A total of 883 samples, 41% of the samples of unknown gender, were successful in the Y-chromosomal genotyping for the 14 SNPs (Supporting Table 1). The haplogroup frequencies are given in Table 3. Four haplogroups had a positive correlation with the proportion of immigrants: I1b (r =0.67, pn =0.003, pc =0.072), R1b (r =0.63, pn =0.006, pc =0.14), F∗ (r = 0.56, pn = 0.017, pc =
0.26), and K∗ (r = 0.54, pn = 0.039, pc = 0.32), whereas for [b]I1a[/b] the correlation was strongly negative (r =−0.79, pn
=0.0003, pc=0.011). The empirical probability of obtaining these ﬁve r ’s by chance was <0.0001. Furthermore, R1a1 had high frequencies in some western counties, and N3 was common in the eastern parts of northern and central Sweden. The conﬁdence intervals for the above mentioned haplogroup frequencies are shown in Supporting Figure 3. None of the haplogroups showed a statistically signiﬁcant north-south cline, although for I1c and R1b the correlation was nominally signiﬁcant. The mean number of pairwise differences (π
) of the total Y-chromosomal data set was 2.70, with the lowest valuein Västra Götaland and the highest in Halland (Table 3). In the principal component analysis of the Swedes (Fig. 3c,Fig. 4c, Supporting Figure 2c), the ﬁrst PC had a strong correlation with the proportion of immigrants (r = −0.80, pn = 0.0001) mostly due to frequency variation of I1a, also observed in the correlation analysis of haplogroup frequencies.

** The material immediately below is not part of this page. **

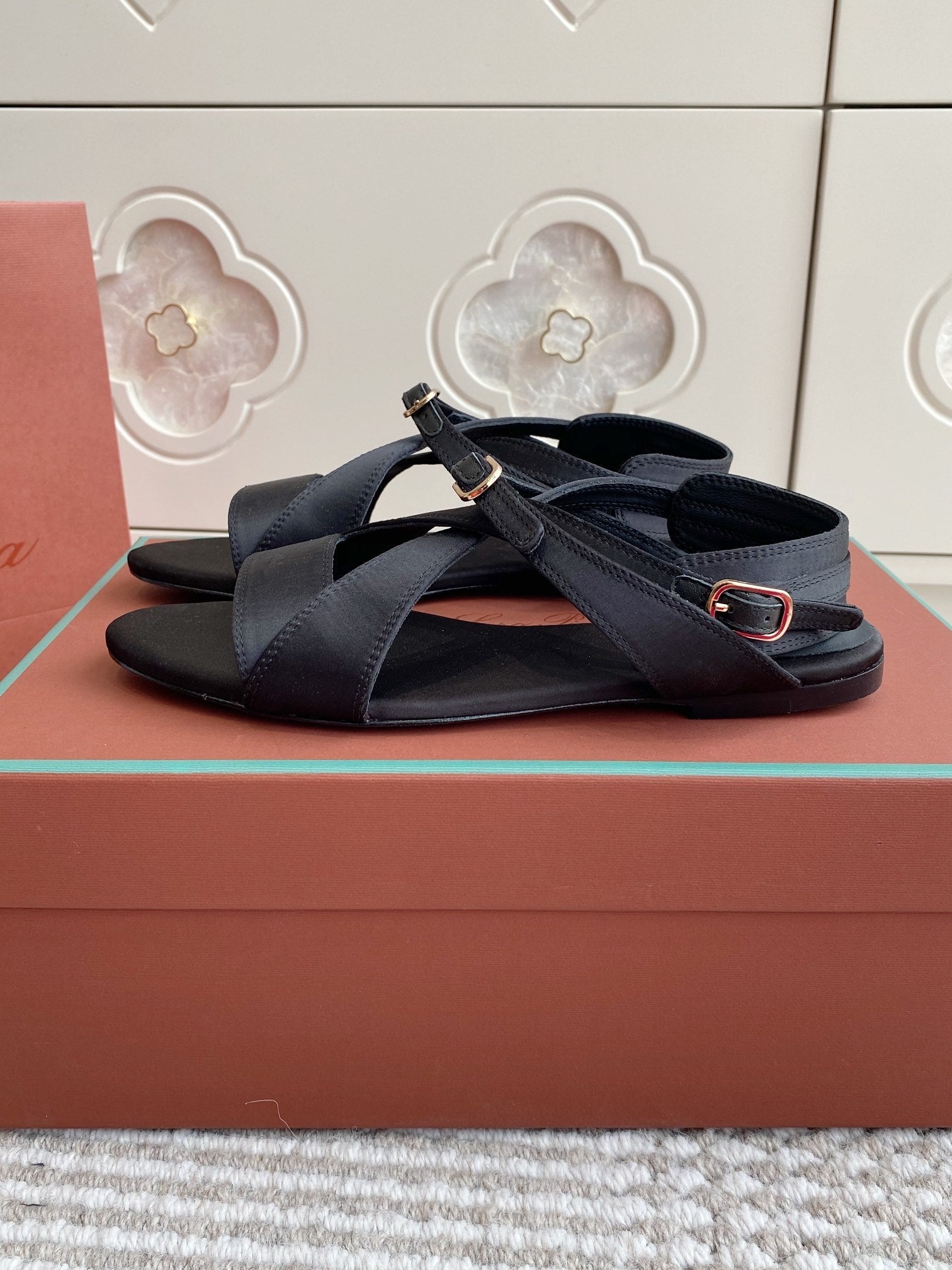 SANDALS IN BLACK SATIN

Haplogroup R1a1 contributed most to the divergence of four western and southern populations in PC2. The SAMOVA results supported the separation of the populations most diverged in the PCA (data not shown).
The neighboring populations showed a clear difference from the Swedes in PCA (Fig. 3d, Fig. 4d, Supporting Figure 2d) mostly due to the lower frequency of N3 among the Swedes. The AMOVA analysis did not support the grouping to Norrland, Svealand and Götaland (−0.19% of variation, p = 0.68), and even the proportion of variance among the subpopulations in one group was nonsigniﬁcant (0.46%, p=0.13). No correlation between geographic and genetic distances was observed in the Mantel test of all populations (r = −0.06, p = 0.622). While exclusion of the three largest cities had little effect in the Mantel test (r = −0.15, p = 0.86), removing four populations with most signs of genetic drift measured by mean number of pairwise differences (π < 2.60) increased the correlation to 0.38 (p = 0.011). This pattern was supported by the autocorrelation analysis, where this subset of populations yielded a statistically signiﬁcant (p < 0.05) correlogram (Fig. 5), while the total dataset had no pattern of isolation by distance.